Periscope Pictures
- Industry: Entertainment
- Founded: March 2010; 15 years ago
- Founder: Cheryl Wagner; Harmony Wagner; ;
- Headquarters: 42 Upper Hillsborough Street Charlottetown, Prince Edward Island C1A 4X3

= Periscope Pictures =

Periscope Pictures is a Canadian production company, based in Charlottetown, Prince Edward Island. Founded by producers/writers Cheryl Wagner, the creator of The Big Comfy Couch and Harmony Wagner in March 2010, Periscope Pictures creates screen-based entertainment.

==Productions==
===Web series===
Periscope Pictures' first venture is the 15-episode preschool web series Bunny Bop!, launched February 3, 2011. It is one of the first series to be produced with financial participation of the Independent Production Fund – Pilot Web Drama Fund.

====Short films====
Vast written, directed and produced by Harmony Wagner, finds a young teen waking up to discover he seems to be the last person on earth.
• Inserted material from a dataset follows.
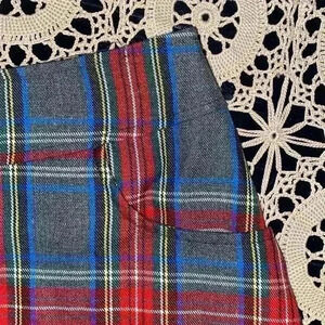Frederick’s of Hollywood plaid mini skirt. Size 5. In excellent pre loved condition. Waist measures 25” & skirt is 14” long.
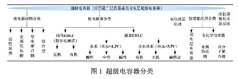 圖1和圖2分別介紹了超級(jí)電容器的分類以及不同超級(jí)電容的一些參數(shù)比較。

Vast was voted Viewer's Choice at the 2011 Island Media Arts Festival in Charlottetown. Vast is Harmony Wagner's first effort as a director.

Lucky 7 written and directed by Jason Rogerson and produced by Harmony Wagner, is a comedy about an office lotto pool tragedy. Lucky 7 is the winner of the 2010 CBC 321 Award for PEI.